ENTRIES SUPPLIED Start Marker

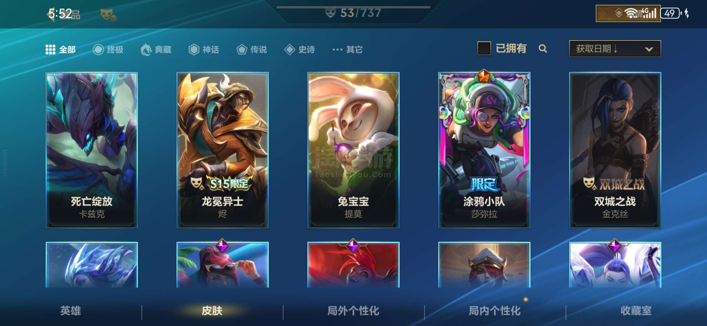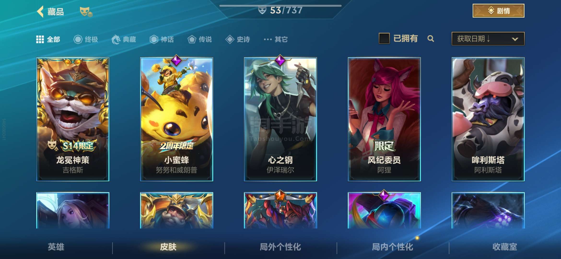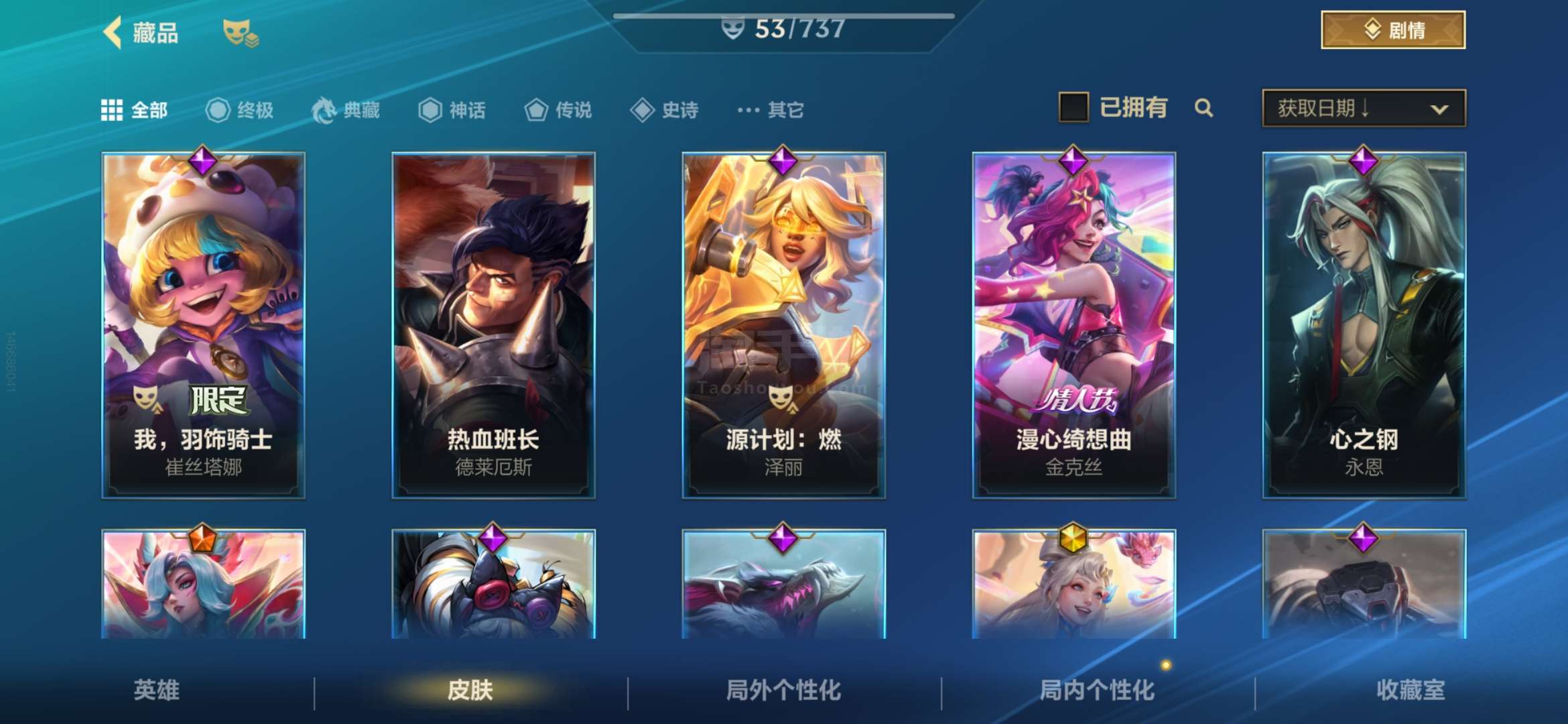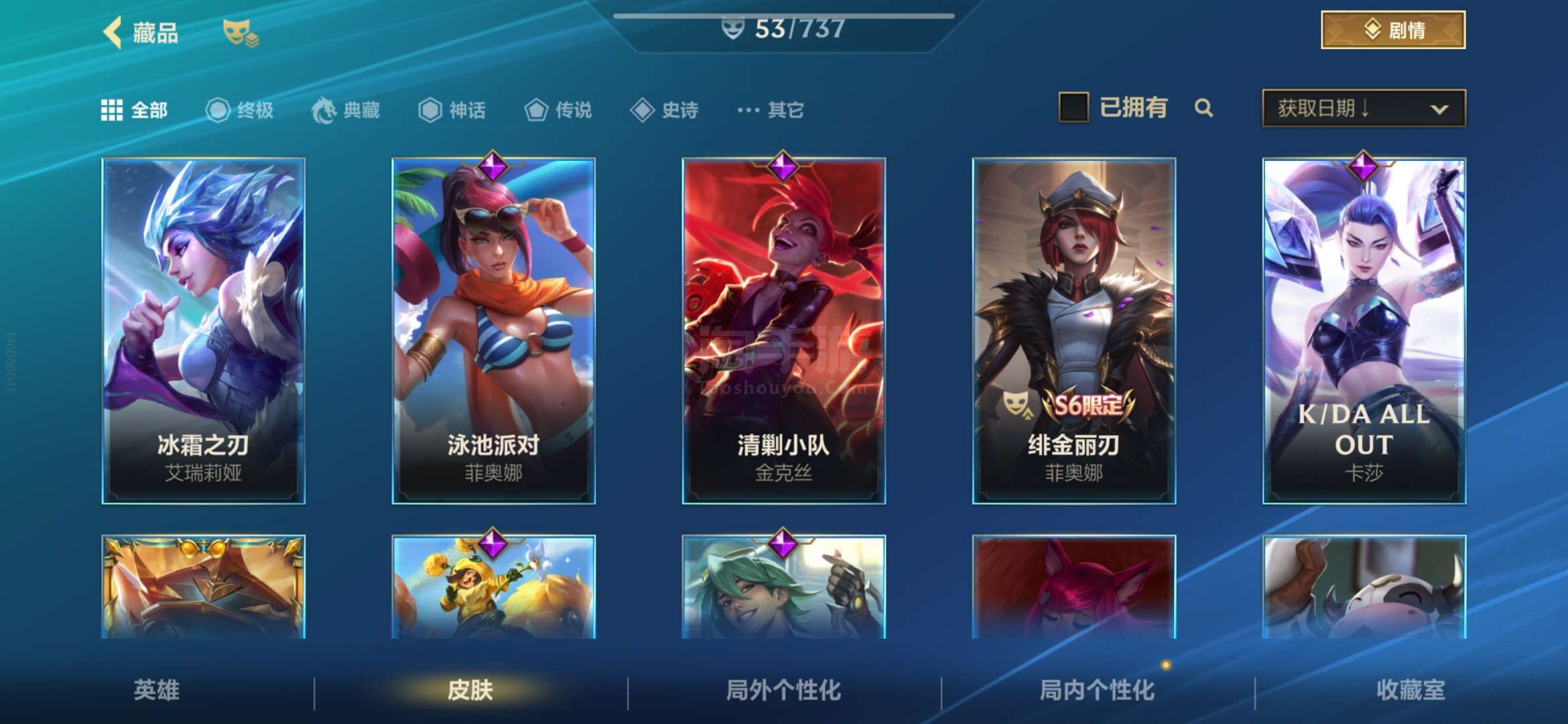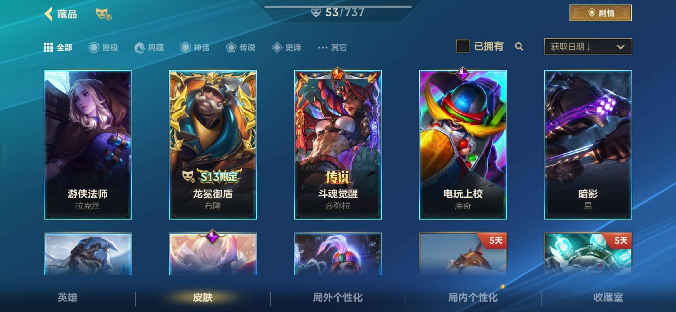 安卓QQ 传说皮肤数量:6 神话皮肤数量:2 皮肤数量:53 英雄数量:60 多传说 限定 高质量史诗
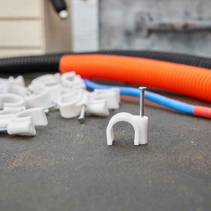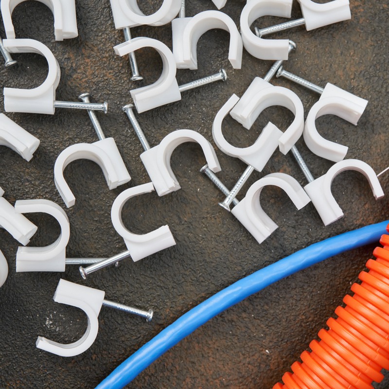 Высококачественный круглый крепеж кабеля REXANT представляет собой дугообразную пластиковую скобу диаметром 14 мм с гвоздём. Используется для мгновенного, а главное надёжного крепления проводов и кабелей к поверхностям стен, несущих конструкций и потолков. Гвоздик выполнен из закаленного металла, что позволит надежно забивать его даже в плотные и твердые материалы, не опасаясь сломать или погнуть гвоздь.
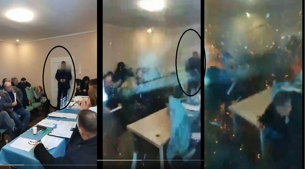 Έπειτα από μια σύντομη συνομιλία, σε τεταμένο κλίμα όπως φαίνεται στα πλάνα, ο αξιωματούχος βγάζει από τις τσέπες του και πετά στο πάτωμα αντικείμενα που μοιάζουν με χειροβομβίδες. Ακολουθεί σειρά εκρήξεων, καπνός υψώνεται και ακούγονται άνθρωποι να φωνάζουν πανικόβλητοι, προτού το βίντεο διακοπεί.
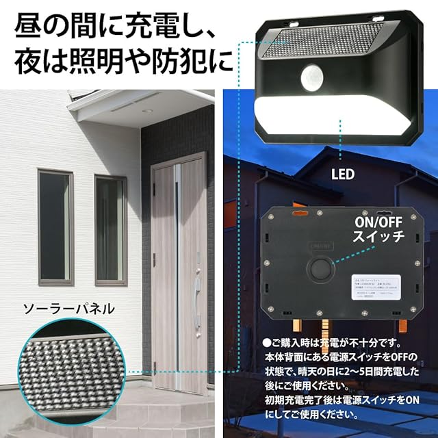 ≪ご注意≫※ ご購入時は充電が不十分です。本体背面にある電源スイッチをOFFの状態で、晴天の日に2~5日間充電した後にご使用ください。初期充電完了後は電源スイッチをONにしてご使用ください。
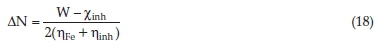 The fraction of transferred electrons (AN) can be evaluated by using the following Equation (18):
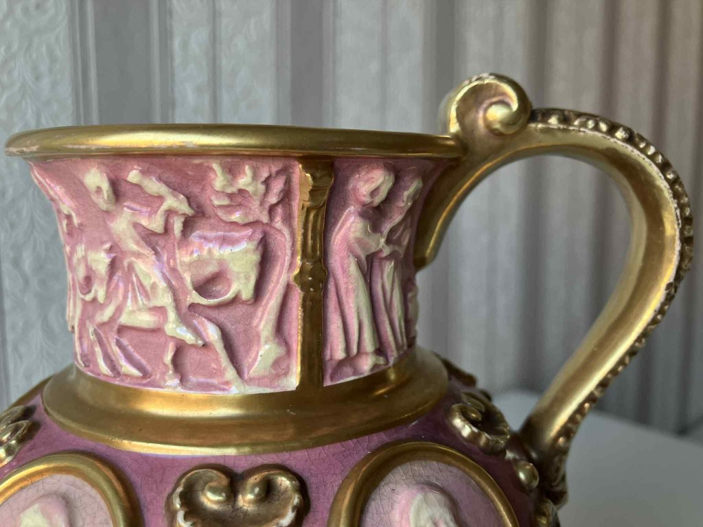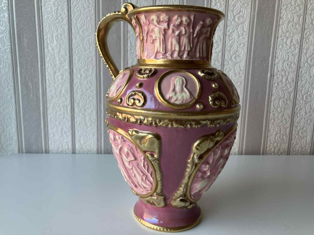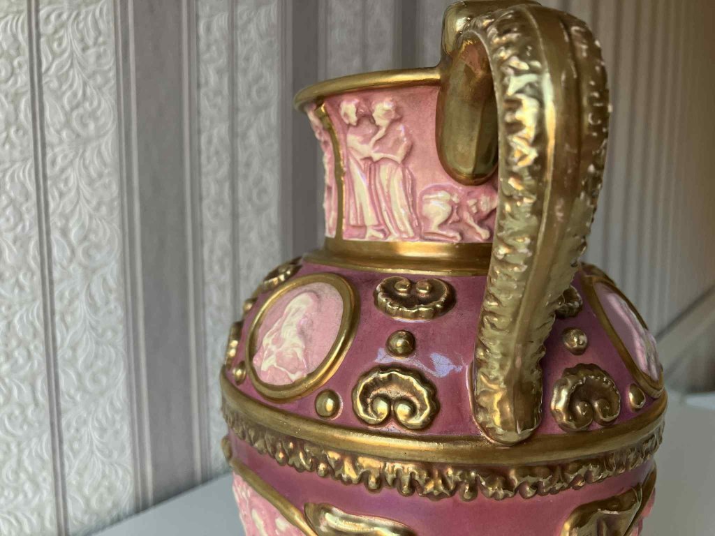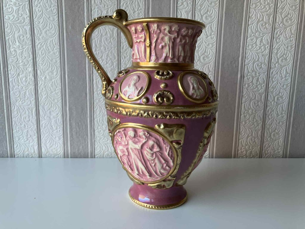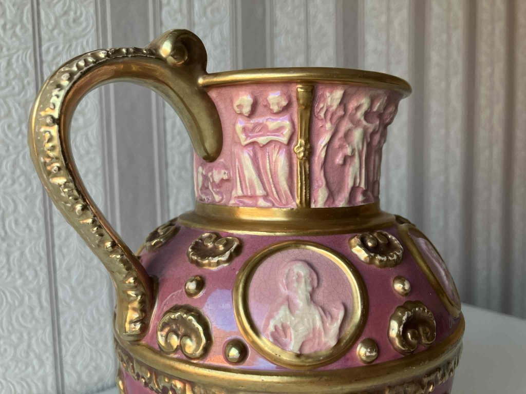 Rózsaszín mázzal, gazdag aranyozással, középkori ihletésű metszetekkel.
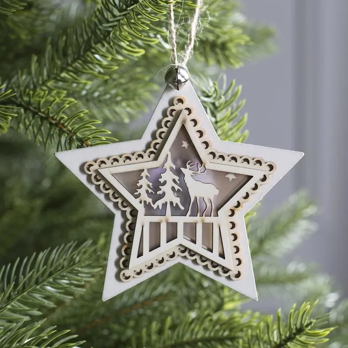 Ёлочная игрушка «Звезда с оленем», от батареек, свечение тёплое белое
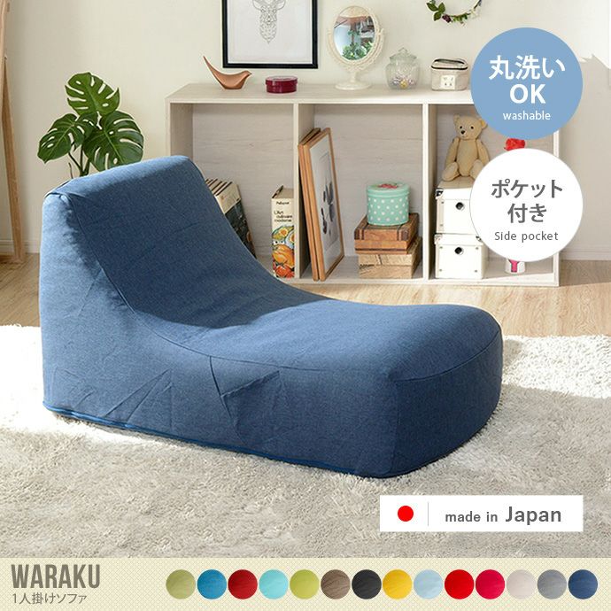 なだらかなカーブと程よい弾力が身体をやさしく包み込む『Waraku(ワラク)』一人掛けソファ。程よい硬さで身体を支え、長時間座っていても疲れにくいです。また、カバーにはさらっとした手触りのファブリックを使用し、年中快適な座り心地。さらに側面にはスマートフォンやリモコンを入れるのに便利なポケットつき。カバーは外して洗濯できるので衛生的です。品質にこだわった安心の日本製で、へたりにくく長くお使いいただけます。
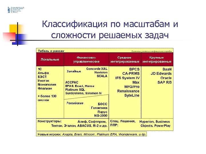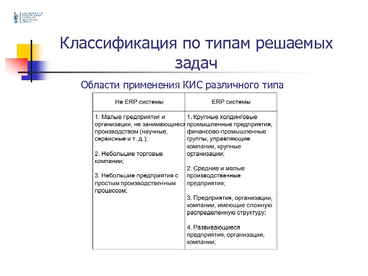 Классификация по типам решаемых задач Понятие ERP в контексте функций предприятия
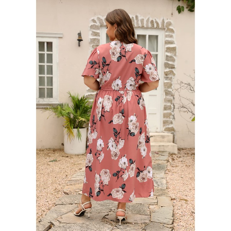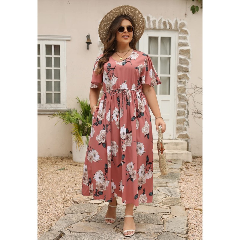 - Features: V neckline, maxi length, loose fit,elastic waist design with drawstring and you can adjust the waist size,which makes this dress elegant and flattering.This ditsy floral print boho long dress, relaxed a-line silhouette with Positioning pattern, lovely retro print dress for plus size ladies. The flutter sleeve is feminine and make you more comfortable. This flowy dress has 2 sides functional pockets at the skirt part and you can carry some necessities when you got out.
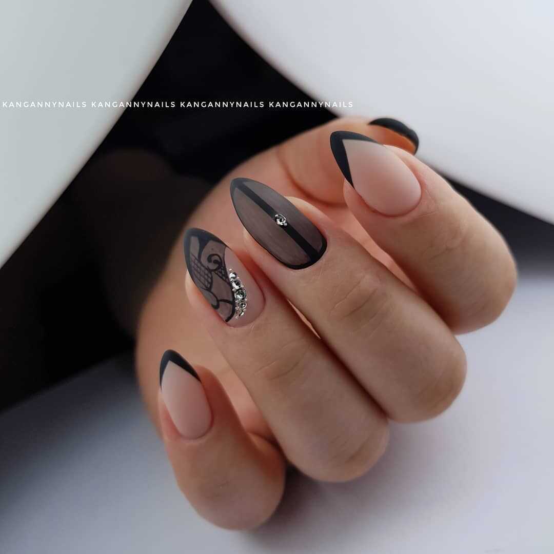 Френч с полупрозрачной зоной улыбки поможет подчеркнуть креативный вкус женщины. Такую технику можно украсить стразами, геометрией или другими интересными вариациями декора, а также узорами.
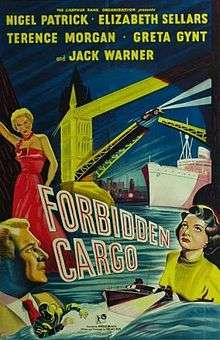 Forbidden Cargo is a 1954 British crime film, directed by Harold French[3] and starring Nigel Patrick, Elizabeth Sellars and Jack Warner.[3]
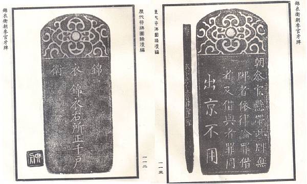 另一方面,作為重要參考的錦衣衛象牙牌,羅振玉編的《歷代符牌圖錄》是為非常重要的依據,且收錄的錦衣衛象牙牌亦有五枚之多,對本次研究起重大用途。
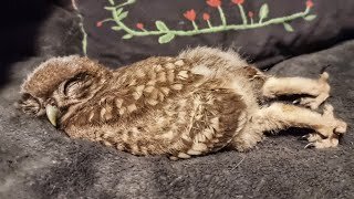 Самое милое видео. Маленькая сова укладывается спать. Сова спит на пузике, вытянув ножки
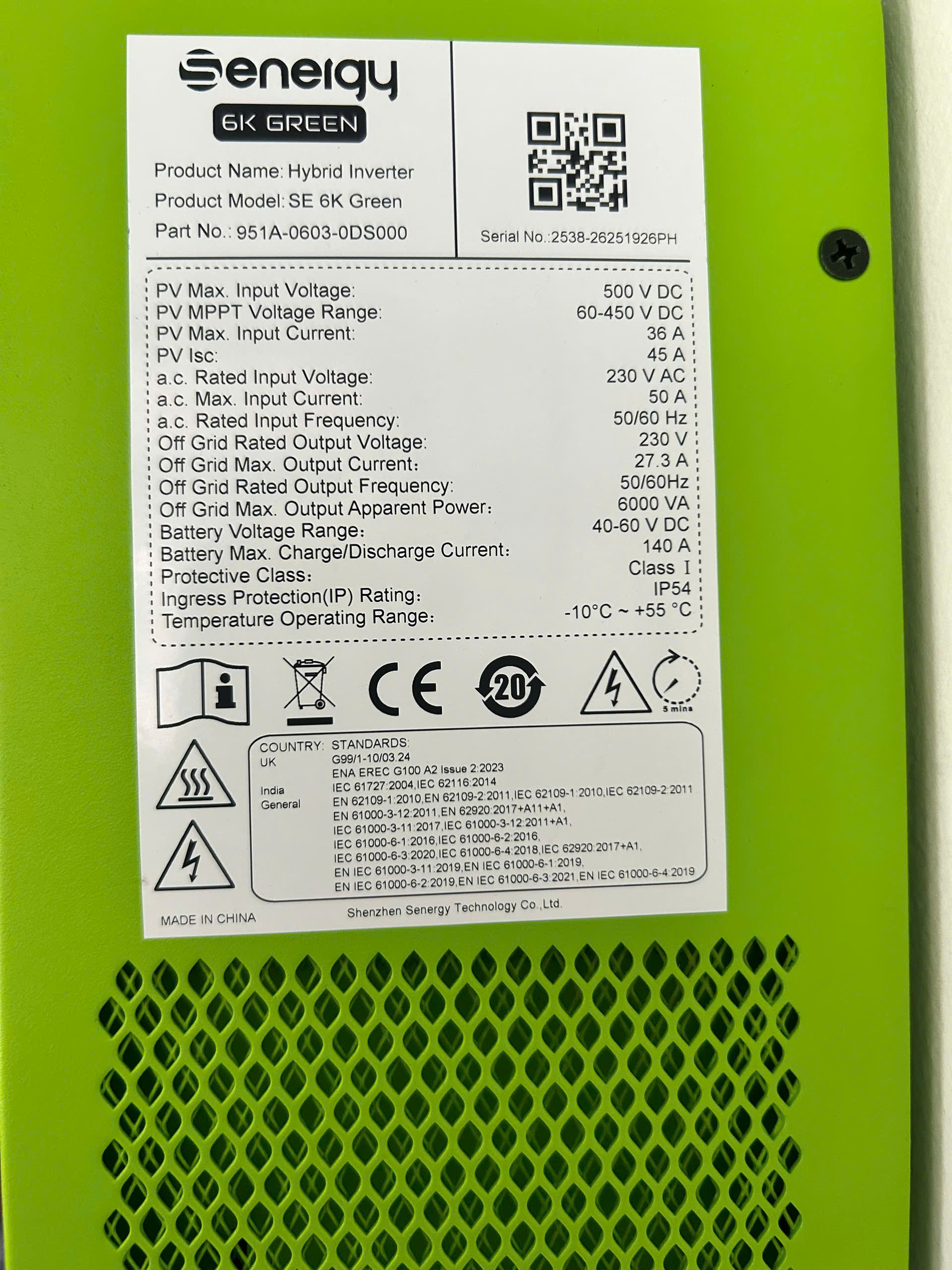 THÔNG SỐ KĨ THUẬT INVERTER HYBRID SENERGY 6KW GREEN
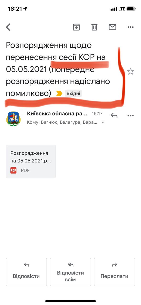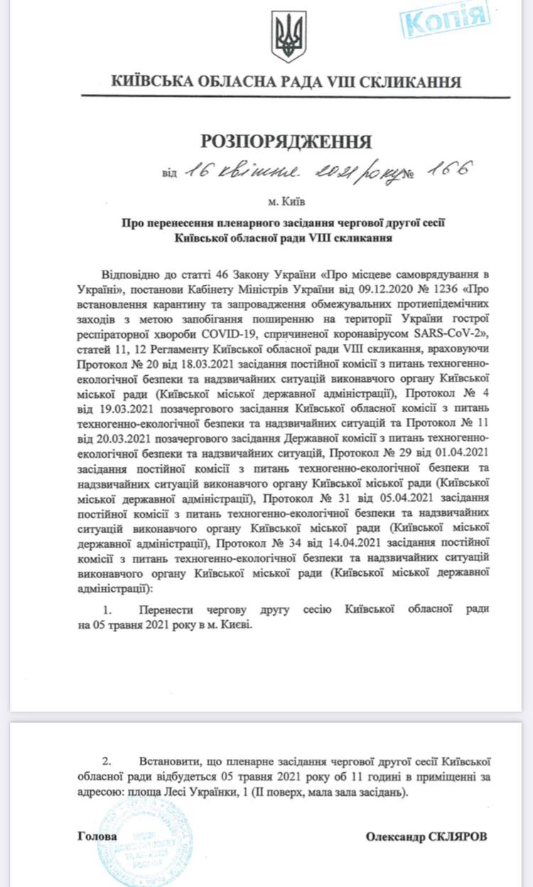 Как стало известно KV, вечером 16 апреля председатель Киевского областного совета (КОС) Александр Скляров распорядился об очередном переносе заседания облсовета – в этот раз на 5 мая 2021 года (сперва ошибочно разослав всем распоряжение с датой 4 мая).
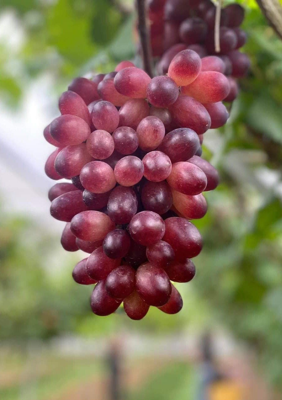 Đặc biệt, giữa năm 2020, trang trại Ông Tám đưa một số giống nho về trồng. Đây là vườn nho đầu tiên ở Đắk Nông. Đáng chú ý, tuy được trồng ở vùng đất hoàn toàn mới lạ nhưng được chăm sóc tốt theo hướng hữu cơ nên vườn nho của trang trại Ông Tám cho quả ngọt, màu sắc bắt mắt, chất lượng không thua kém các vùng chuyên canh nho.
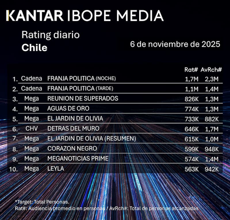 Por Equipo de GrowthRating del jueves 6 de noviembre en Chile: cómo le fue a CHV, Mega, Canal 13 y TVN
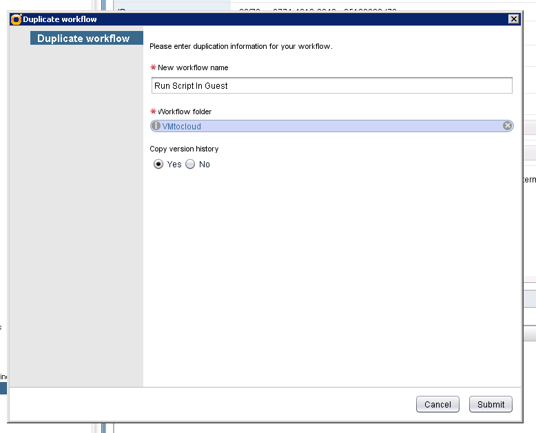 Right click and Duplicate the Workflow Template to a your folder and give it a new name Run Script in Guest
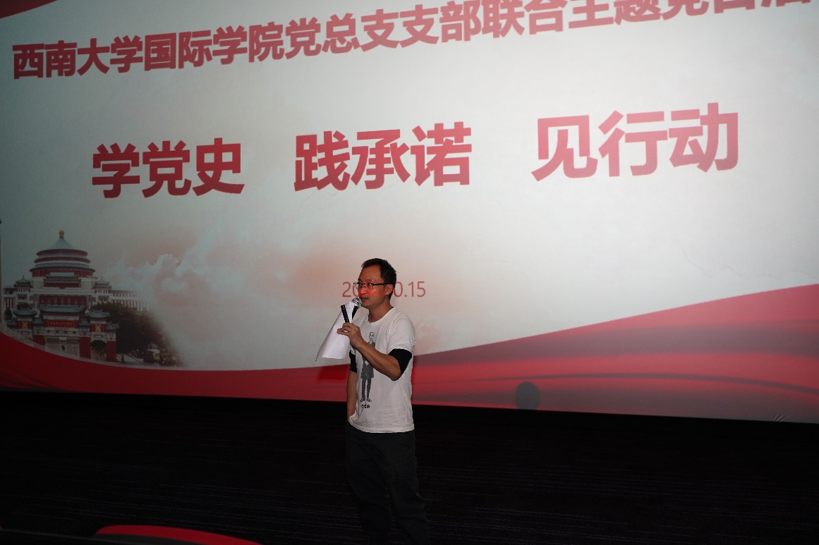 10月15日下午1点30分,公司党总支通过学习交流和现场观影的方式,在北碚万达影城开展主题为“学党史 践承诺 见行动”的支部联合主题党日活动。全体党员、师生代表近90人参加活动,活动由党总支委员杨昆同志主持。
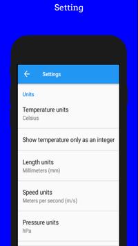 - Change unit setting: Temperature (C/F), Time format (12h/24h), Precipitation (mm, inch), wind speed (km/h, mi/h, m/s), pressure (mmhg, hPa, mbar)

ENTRIES SUPPLIED End Marker

EXERCISE BRIEF:
In the entries above, find the line with "THÔNG SỐ KĨ" and the line with "Đặc biệt, giữa". Return exactly those lines and all the ones between them, pictures excluded.

SOLUTION TO THE PROBLEM:
 THÔNG SỐ KĨ THUẬT INVERTER HYBRID SENERGY 6KW GREEN
 Как стало известно KV, вечером 16 апреля председатель Киевского областного совета (КОС) Александр Скляров распорядился об очередном переносе заседания облсовета – в этот раз на 5 мая 2021 года (сперва ошибочно разослав всем распоряжение с датой 4 мая).
 Đặc biệt, giữa năm 2020, trang trại Ông Tám đưa một số giống nho về trồng. Đây là vườn nho đầu tiên ở Đắk Nông. Đáng chú ý, tuy được trồng ở vùng đất hoàn toàn mới lạ nhưng được chăm sóc tốt theo hướng hữu cơ nên vườn nho của trang trại Ông Tám cho quả ngọt, màu sắc bắt mắt, chất lượng không thua kém các vùng chuyên canh nho.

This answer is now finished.